In this admirable, gracefully written book, author Rachel McLennan sets out to produce a work that, perhaps surprisingly, has never before existed: the very first textbook to focus exclusively on American autobiographical forms. According to the book's back cover, American Autobiography seeks to provide "an accessible guide in the major forms of autobiographical writing in America." Drawing on an extensive range of American autobiographical authors, texts, and central issues, McLennan both skillfully accomplishes and also confidently surpasses this principal objective.

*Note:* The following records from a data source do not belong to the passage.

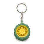 Chaveiro plástico formato pneu, aro detalhado plástico colorido de um lado e lado inverso liso(possível aplicar resina). Pneu emborrachado.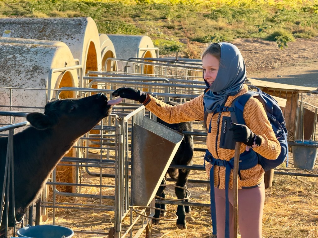 The Camino keeps teaching us that no two days are the same. One morning the road stretches out in a line so flat and featureless it feels like we’re walking on a treadmill. The next, the path tilts upward into the hills, pulling us toward villages where ivy spills over stone walls and monks still chant at nightfall. Between those extremes, we find little moments that keep us going: a calf’s wet nose nuzzling Finlee’s hand, a courtyard filled with gardenias and laughter, a shared bottle of Rioja around a modest apartment table.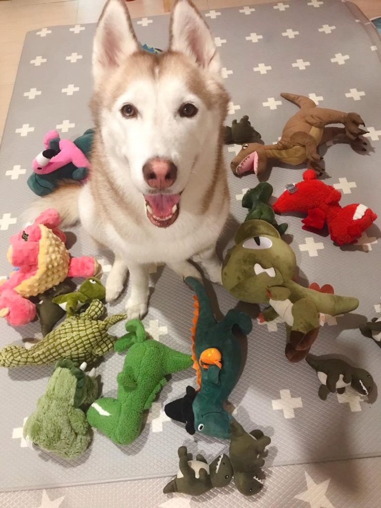 另外盧娜的玩具收藏就是一堆她珍愛的龍龍,每隻龍龍丟來丟去、咬來咬去,都被盧娜的口水沾滿全身,如果好一陣子沒清理,濃郁的味道也會漸漸散發出來,這時候又要派出噴霧給他好好噴一下了。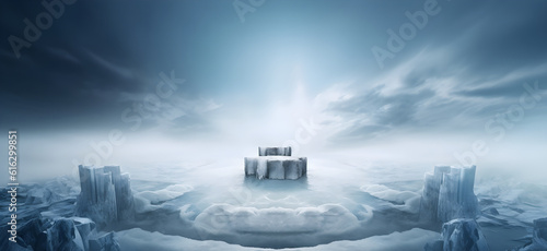 Empty stone pedestal, winter background. Modern product display. Minimal mockup template. Generative AI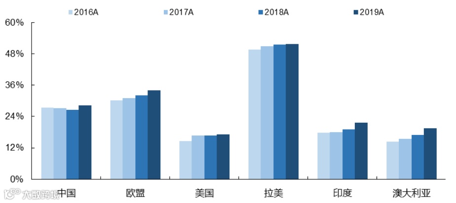 图表:主要国家和地区可再生能源发电量占比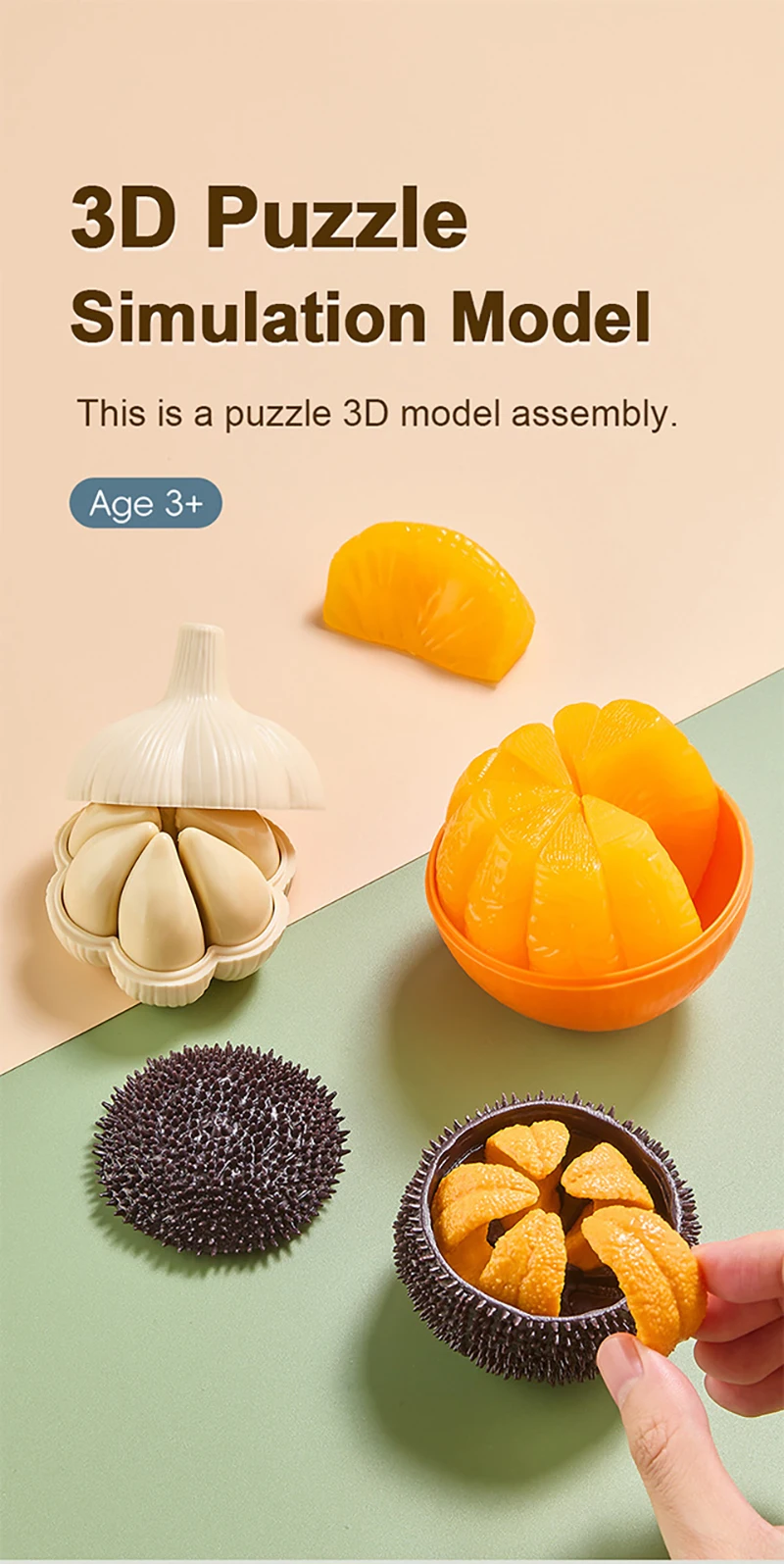Kids Simulation Garlic Puzzles Educational Toys Sea Urchin Tangerine 3D Puzzles Matching Game Food Assembly Decompression Toys

McLennan's American Autobiography is the most recent volume in Edinburgh University Press's valuable British Association for American Studies (BAAS) series, which is edited by Simon Newman and Carol R. Smith. As described on the back cover of this book, the series aims to supply "clearly written introductions designed to offer students definitive short surveys of key topics in the field." American Autobiography is then intended as an introductory overview of its subject. Before readers begin McLennan's book, we are faced with the realization that this inaugural textbook on a vital American literary subject has been written by a respected scholar outside the United States, as well as published by a respected academic press that is also outside the United States. Such arrangements gesture to the wide academic interest that now exists regarding American autobiography, life writing, and auto/biographical forms in general. At the same time, these arrangements do underscore that this first introductory textbook concerning American autobiography is not written by a US scholar and/or published by a US press. While I do not wish to place undue emphasis on this matter, it is worthy of our notice and consideration. However, to say this is not to reject the notion that the geographical and cultural distances that are necessarily present in this book's British view of American autobiography may better position McLennan to consider objectively key issues such as the American nature of autobiography as well as attendant topics such as the roles of multiculturalism and transnationalism in American autobiographical forms. [End Page 329]

American Autobiography is divided into two parts, "Exemplary Subjects" and "Contemporary Subjects," and four chapters. Each chapter is centered on a key theme. The first two chapters focus on "Properties," while chapter three focuses on "Gifts and Giving," and chapter four on "Recoveries." McLennan explains that "these thematics facilitate engagement with questions ('properties') central to autobiography—those of definition, identity, relationships, representation, agency, intention, the law, ethics of writing, autobiography, truth, reference, and genre" (21).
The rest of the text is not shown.